What is expected |
Given the records below, the lines starting at the line with "ให้บรรยากาศเย็นสบาย เงียบสงบ แตกต่างจากความวุ่นวายภายนอก" and ending at the line with "粉和油面用黑酱油、甜酱油和辣" should be output exactly, both end lines kept and pictures left out.

-.-.-

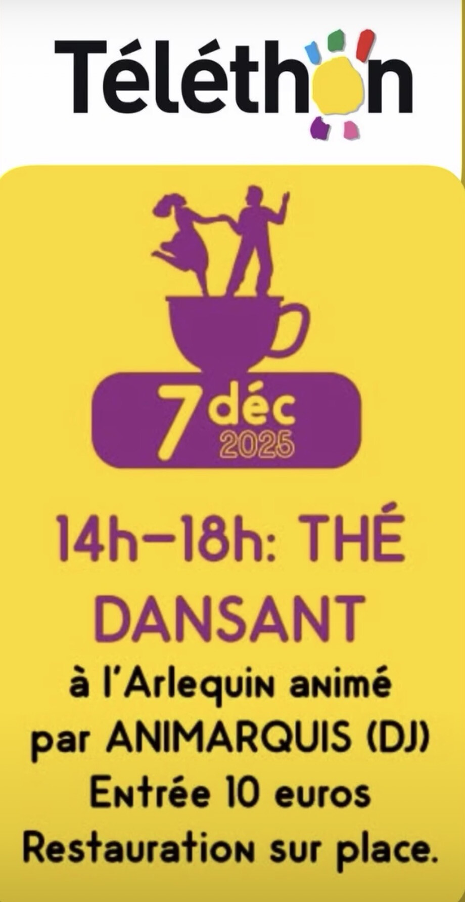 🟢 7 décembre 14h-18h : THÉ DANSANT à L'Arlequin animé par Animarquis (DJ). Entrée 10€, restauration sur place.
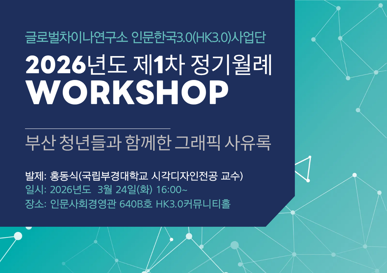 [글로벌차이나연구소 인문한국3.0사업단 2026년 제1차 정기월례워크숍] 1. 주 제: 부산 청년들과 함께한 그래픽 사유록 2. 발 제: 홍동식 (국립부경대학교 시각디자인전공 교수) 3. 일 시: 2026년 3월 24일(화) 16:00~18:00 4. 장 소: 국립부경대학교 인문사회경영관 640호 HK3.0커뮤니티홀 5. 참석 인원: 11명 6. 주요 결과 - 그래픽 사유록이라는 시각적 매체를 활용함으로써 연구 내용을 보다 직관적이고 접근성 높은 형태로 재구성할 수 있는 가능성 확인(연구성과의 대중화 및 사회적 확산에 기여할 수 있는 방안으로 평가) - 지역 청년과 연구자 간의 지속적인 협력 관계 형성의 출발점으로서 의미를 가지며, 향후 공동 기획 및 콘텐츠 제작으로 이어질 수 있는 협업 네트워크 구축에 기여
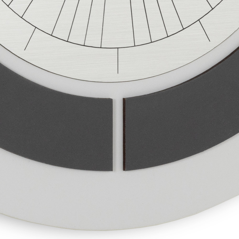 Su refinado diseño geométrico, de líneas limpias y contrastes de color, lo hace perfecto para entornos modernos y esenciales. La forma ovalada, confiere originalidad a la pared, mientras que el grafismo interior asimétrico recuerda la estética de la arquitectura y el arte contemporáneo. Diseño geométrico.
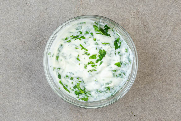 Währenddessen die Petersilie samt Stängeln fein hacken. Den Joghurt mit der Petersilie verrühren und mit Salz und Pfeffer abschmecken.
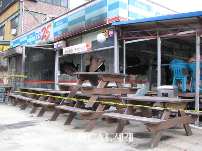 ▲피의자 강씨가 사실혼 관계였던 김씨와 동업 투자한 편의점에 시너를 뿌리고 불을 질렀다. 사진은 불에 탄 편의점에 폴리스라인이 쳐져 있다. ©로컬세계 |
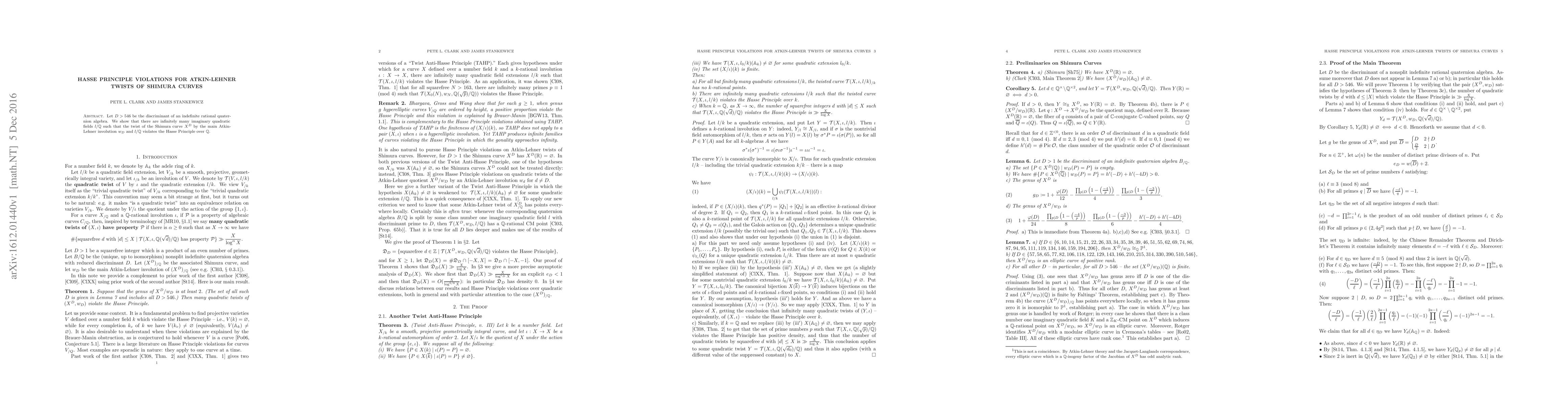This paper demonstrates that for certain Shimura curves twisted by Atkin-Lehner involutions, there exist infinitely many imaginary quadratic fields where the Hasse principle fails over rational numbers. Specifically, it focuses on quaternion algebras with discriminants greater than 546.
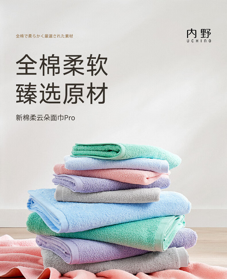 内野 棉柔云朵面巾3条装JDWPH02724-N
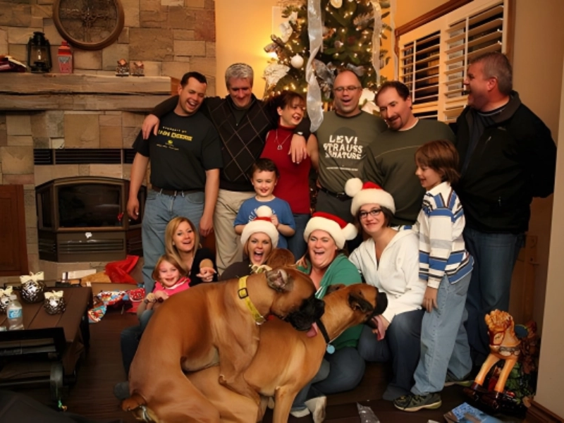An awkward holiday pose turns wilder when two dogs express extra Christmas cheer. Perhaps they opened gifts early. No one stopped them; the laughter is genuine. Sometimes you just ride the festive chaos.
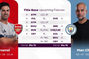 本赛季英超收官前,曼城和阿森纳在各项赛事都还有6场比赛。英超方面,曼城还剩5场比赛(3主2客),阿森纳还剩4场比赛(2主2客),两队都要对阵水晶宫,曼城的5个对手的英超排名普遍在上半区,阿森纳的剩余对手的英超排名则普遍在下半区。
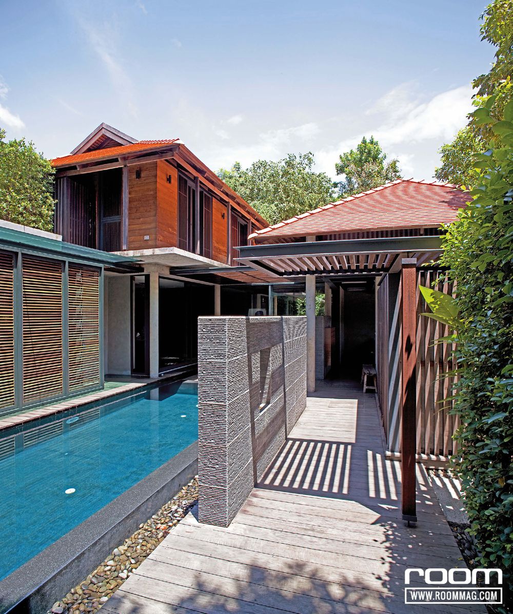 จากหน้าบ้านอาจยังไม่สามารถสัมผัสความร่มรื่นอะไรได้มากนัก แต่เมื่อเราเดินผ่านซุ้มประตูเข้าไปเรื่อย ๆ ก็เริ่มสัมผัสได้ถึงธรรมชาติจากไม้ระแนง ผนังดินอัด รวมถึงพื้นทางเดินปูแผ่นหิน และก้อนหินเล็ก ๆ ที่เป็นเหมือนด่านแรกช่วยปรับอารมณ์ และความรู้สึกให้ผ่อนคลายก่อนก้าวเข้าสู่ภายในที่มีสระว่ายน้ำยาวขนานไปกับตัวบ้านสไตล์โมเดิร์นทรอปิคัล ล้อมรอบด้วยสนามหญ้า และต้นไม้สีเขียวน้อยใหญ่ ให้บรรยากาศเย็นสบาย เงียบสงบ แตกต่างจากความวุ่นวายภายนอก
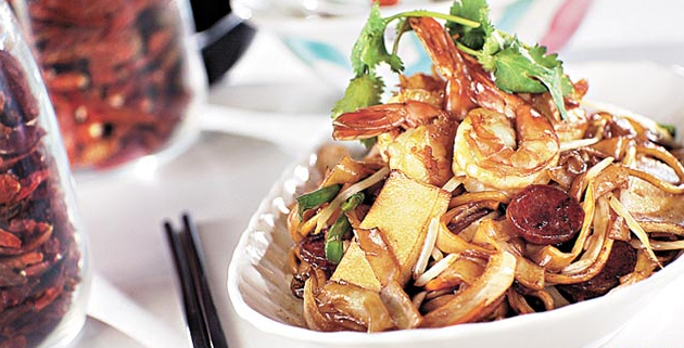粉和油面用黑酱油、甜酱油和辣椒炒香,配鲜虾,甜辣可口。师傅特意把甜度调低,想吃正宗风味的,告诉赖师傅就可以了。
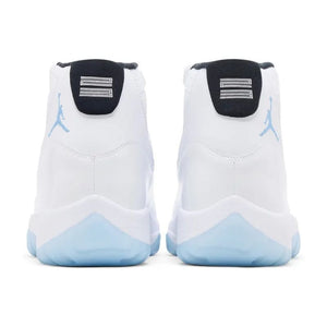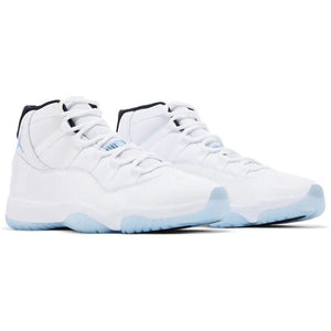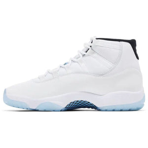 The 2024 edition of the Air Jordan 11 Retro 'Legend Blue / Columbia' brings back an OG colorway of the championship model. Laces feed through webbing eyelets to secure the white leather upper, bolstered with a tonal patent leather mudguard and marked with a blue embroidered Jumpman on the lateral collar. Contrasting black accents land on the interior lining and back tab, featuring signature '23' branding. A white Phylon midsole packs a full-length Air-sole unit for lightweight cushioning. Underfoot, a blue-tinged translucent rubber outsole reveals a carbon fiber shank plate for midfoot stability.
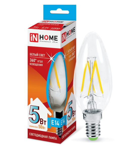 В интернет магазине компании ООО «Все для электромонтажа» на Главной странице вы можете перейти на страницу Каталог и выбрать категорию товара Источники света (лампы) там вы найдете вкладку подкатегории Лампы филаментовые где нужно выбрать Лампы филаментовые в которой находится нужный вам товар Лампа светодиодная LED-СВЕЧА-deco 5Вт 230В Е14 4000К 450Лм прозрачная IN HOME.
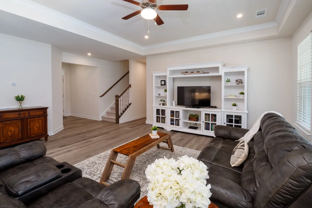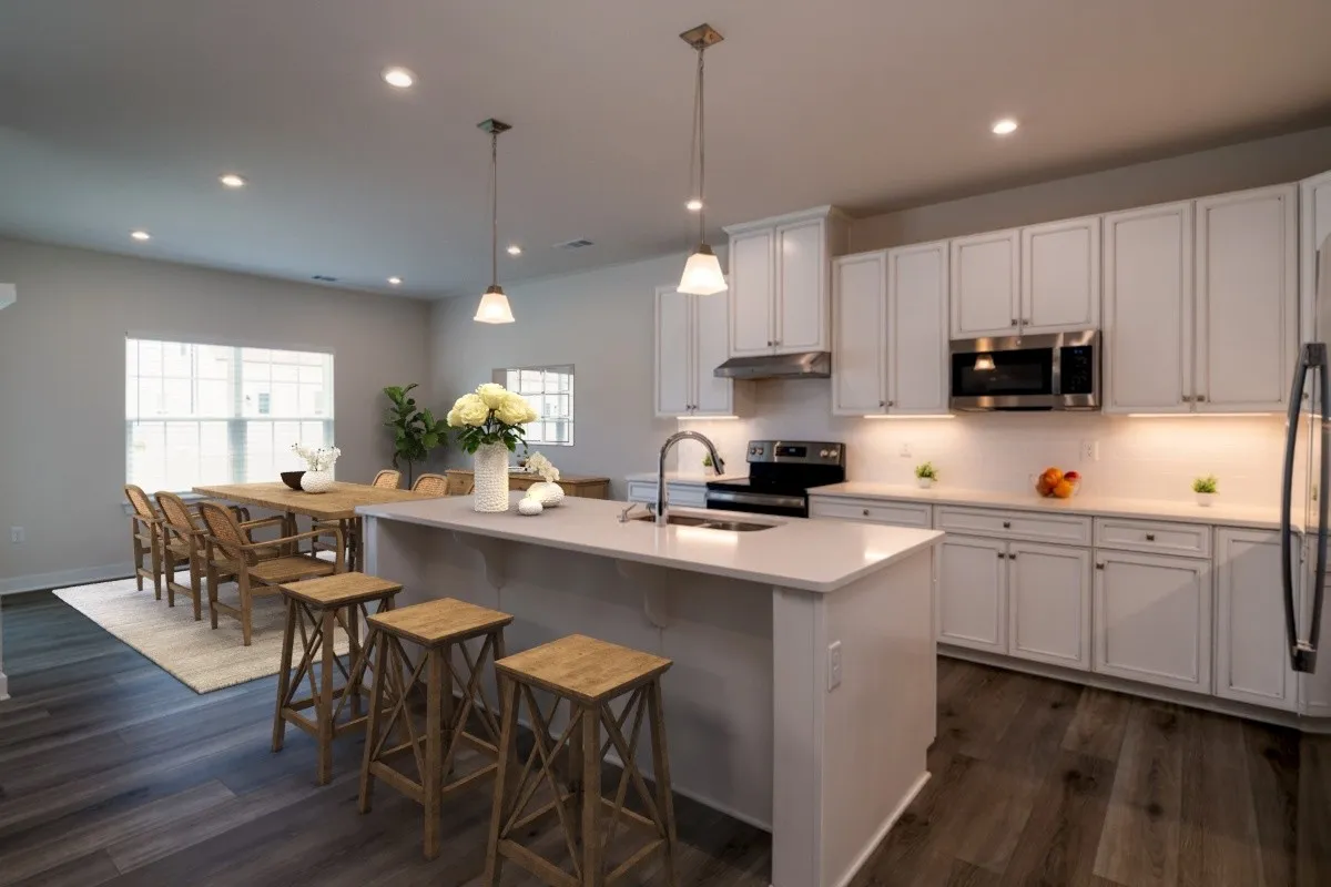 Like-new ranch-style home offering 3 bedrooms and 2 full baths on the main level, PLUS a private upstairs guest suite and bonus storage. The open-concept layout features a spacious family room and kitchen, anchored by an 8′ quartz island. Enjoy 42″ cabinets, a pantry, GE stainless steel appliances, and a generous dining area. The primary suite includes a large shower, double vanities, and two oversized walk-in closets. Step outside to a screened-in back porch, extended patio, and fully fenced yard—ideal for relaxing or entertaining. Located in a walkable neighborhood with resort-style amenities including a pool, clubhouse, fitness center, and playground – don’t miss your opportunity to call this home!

-.-.-

Solution for this problem |
 จากหน้าบ้านอาจยังไม่สามารถสัมผัสความร่มรื่นอะไรได้มากนัก แต่เมื่อเราเดินผ่านซุ้มประตูเข้าไปเรื่อย ๆ ก็เริ่มสัมผัสได้ถึงธรรมชาติจากไม้ระแนง ผนังดินอัด รวมถึงพื้นทางเดินปูแผ่นหิน และก้อนหินเล็ก ๆ ที่เป็นเหมือนด่านแรกช่วยปรับอารมณ์ และความรู้สึกให้ผ่อนคลายก่อนก้าวเข้าสู่ภายในที่มีสระว่ายน้ำยาวขนานไปกับตัวบ้านสไตล์โมเดิร์นทรอปิคัล ล้อมรอบด้วยสนามหญ้า และต้นไม้สีเขียวน้อยใหญ่ ให้บรรยากาศเย็นสบาย เงียบสงบ แตกต่างจากความวุ่นวายภายนอก
粉和油面用黑酱油、甜酱油和辣椒炒香,配鲜虾,甜辣可口。师傅特意把甜度调低,想吃正宗风味的,告诉赖师傅就可以了。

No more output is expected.